1. ## Solving Y in terms of X

i'm having some trouble remembering how to solve this in terms of x.
$\displaystyle y=(e^x-e^-^x)/2$

This is what i was thinking, but, i'm not sure if it is right or not.
$\displaystyle x=(e^y-e^-^x)/2$
$\displaystyle 2x=(e^y-e^y)$
$\displaystyle log(2x)=2y*log(e)$
$\displaystyle log(2x)/(2*log(e))=y$

$\displaystyle y=log(2x)/(2*log(e))$
I feel like this is not the right answer though :/

2. Originally Posted by fenderic
i'm having some trouble remembering how to solve this in terms of x.
$\displaystyle y=(e^x-e^-^x)/2$

This is what i was thinking, but, i'm not sure if it is right or not.
$\displaystyle x=(e^y-e^-^x)/2$
$\displaystyle 2x=(e^y-e^y)$
$\displaystyle log(2x)=2y*log(e)$
$\displaystyle log(2x)/(2*log(e))=y$

$\displaystyle y=log(2x)/(2*log(e))$
I feel like this is not the right answer though :/
I think the answer you're looking for is y = sinh(x) (or is it cosh(x), it's been awhile since I studied calculus).

3. Hello, fenderic!

i'm having some trouble remembering how to solve this in terms of x.

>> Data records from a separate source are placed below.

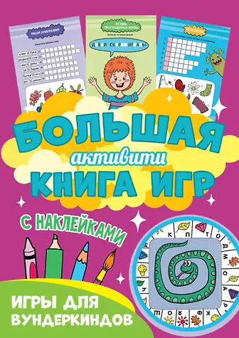 Чем занять ребенка, чтобы он провел время с пользой и удовольствием? У нас есть ответ. Серия больших активити книг! В неё входят 24 различных сборников с интересными играми и развивающими заданиями. Прописи с яркими картинками для подготовки к письму и красивого почерка, увлекательные лабиринты, раскраски, весёлые головоломки, а также нескучные задания по русскому и математике для детей от 5 и 7 лет. С такими книгами ребенок сам не заметит, как в игре закрепит свои знания и получить новые. Можно заниматься и дома, и в дороге.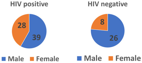 The number of patients enrolled in the study was 101. Of these, 65 (64.4%) were males and 36 (35.6%) were females. Among all these patients, 67 (66.3%) were HIV-positive, while 34 (33.7%) were HIV-negative. About half of the participants, 52 (51.5%), belonged to the economically active age group (Table 4). Gender is a risk factor associated with treatment outcomes with a p-value of 0.012, and HIV status had a marginal p-value (0.05). More males were co-infected with HIV-TB (Figure 1) than females.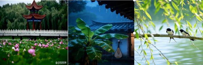 田田莲动花窗,盈盈波映霞光,阵阵歌环秀廊。湖边街巷,开轩荷下乘凉。

. . $\displaystyle y\:=\:\dfrac{e^x-e^{-x}}{2}$

It is already "solved in terms of $\displaystyle \,x."$
I must assume you mean: "Solve for $\displaystyle \,x$ in terms of $\displaystyle \,y."$

We have: .$\displaystyle \dfrac{e^x - e^{-x}}{2} \;=\;y \quad\Rightarrow\quad e^x - e^{-x} \;=\;2y$

Multiply by $\displaystyle e^x\!:\;\;e^{2x} - 1 \;=\;2ye^x \quad\Rightarrow\quad (e^x)^2 - 2y(e^x) - 1 \;=\;0$

Quadratic Formula: .$\displaystyle e^x \:=\:\dfrac{2y \pm\sqrt{4y^2+4}}{2} \quad\Rightarrow\quad e^x \;=\;y \pm \sqrt{y^2+1}$

Since $\displaystyle e^x$ is always positive, we take the positive root: .$\displaystyle e^x \;=\;y + \sqrt{y^2+1}$

,. . Therefore: .$\displaystyle x \;=\;\ln\left(y + \sqrt{y^2+1}\right)$

4. thank you Soroban!